Os dados trimestrais mostram que no quarto trimestre de 2021 o indicador de PTF que usa as horas efetivas já estava 4,3% abaixo do nível pré-pandemia, enquanto a medida baseada em pessoas ocupadas encontrava-se 3,5% abaixo.

O comportamento da produtividade nos últimos dois anos precisa ser interpretado com bastante cautela, já que em grande parte ele refletiu a profunda mudança no mercado de trabalho decorrente da pandemia, que em 2020 afetou principalmente trabalhadores de baixa produtividade, especialmente os informais e os de baixa escolaridade, ao passo que em 2021 esses impactos foram sendo revertidos.

Em particular, enquanto que as ocupações informais tiveram redução de 12,6% em 2020 e crescimento de 8,9% em 2021, as ocupações formais tiveram queda de 4,1% em 2020 e elevação de 2,3% em 2021. Além disso, as ocupações de baixa escolaridade foram particularmente afetadas em 2020, com redução de 18,2% no emprego de pessoas sem instrução e com ensino fundamental incompleto. Já em 2021 houve crescimento de 3,3% no número de ocupações deste grupo.

Além disso, a pandemia afetou fortemente a composição setorial da economia brasileira. Em 2020, os setores menos produtivos da economia, como outros serviços (que inclui serviços prestados às famílias e serviços domésticos, dentre outras atividades), transporte e construção tiveram maior queda de valor adicionado e emprego em comparação com setores de maior produtividade, como intermediação financeira, serviços de informação e serviços imobiliários.

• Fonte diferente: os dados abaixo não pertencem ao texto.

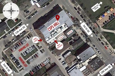 CSPS Hall is located at 1103 3rd St SE Cedar Rapids, IA 52401, directly across the street (southwest) from NewBo City Market. We encourage all visitors to use the Courtyard entrance that was added in 2011. This entrance can be reached from either Third Street, or from the alley that runs between Second and Third Street SE. It’s on the backside of CSPS Hall, and is adjacent to the CSPS Hall parking lot.
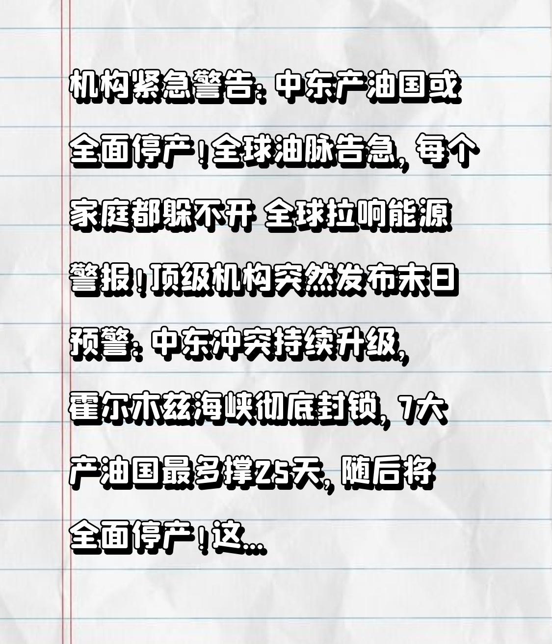 机构紧急警告:中东产油国或全面停产!全球油脉告急,每个家庭都躲不开 全球拉响能源警报!顶级机构突然发布末日预警:中东冲突持续升级,霍尔木兹海峡彻底封锁,7大产油国最多撑25天,随后将全面停产!这不是电影剧情,是正在逼近的现实,看完你就知道,这事和你我息息相关! 这条仅33公里宽的海峡,承载全球1/3石油、1/5天然气运输,是名副其实的世界油脉。如今航运近乎停摆,油轮不敢出海、保险全面叫停,沙特最大炼油厂已关闭,卡塔尔暂停LNG出口,石油运不出去,储油罐很快就会装满。 摩根大通测算:陆上储油仅够22天,加上海上油轮缓冲,最多再撑3-4天,满打满算25天,一旦超限,油田必须关井,全球能源供应直接被掐断喉咙。油价已单日暴涨13%,机构预测,若持续封锁,油价将冲至100-120美元/桶,远超1970年代石油禁运危机。 转折来了:很多人觉得石油停产是国家大事,和老百姓没关系。大错特错! 石油是工业血液,油价一涨,汽油涨价、物流涨价、外卖涨价、机票涨价,从开车出行到买菜购物,从塑料日化到衣物纺织,全产业链成本上涨,最终买单的,是我们每一个普通人。 我们总以为战争、封锁、能源危机都很遥远,可如今中东乱局告诉我们:全球化时代,没有真正的远方,一场冲突,就能打乱千万家庭的柴米油盐。 我们不站队、不煽战,只盼战火早日熄灭,航道早日恢复。和平才是最便宜的能源,安稳才是最值钱的财富。 愿世界不再有战乱封锁,能源稳定、物价平稳;更庆幸我们生在和平中国,有充足能源储备与强大兜底保障。珍惜眼前的安稳日子,也愿远方硝烟散尽,人人都能平安生活!
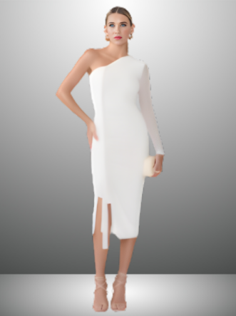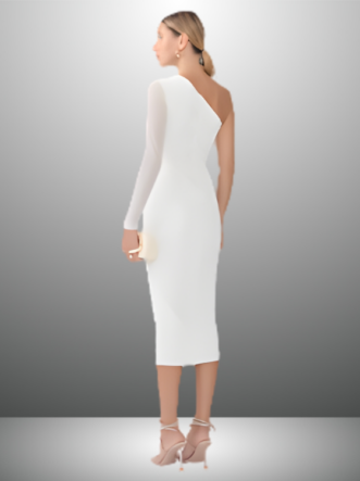 O Vestido Lavinia é confeccionado em tule, um tecido leve, com excelente elasticidade e uma delicada transparência. Seu caimento valoriza a silhueta de forma elegante, criando um visual sofisticado e refinado. Com modelo midi, o vestido destaca-se pelo decote assimétrico, a manga longa e os detalhes drapeados, que adicionam um toque de glamour. A amarração funcional na lateral e a abertura em zíper nas costas oferecem praticidade e um ajuste perfeito.
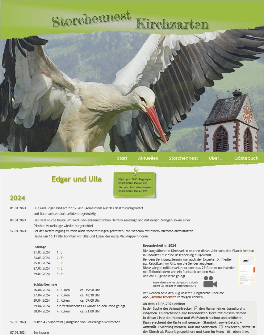 Die sehr informative Homepage vom Storchennest Kirchzarten:

No entanto, em 2021 houve crescimento expressivo do valor adicionado e emprego nos setores menos produtivos. Isto indica que a mudança na composição setorial, que contribuiu para o crescimento da produtividade em 2020, foi sendo revertida ao longo do tempo, contribuindo para a queda da produtividade em 2021.

Em resumo, a queda da produtividade em 2021 decorreu da reversão das mudanças na composição da produção e do emprego que tinham ocorrido em 2020. A produtividade já se encontra abaixo do nível pré-pandemia e, com a retomada de segmentos menos produtivos do setor de serviços e aumento da informalidade do trabalho, pode ocorrer nova queda este ano.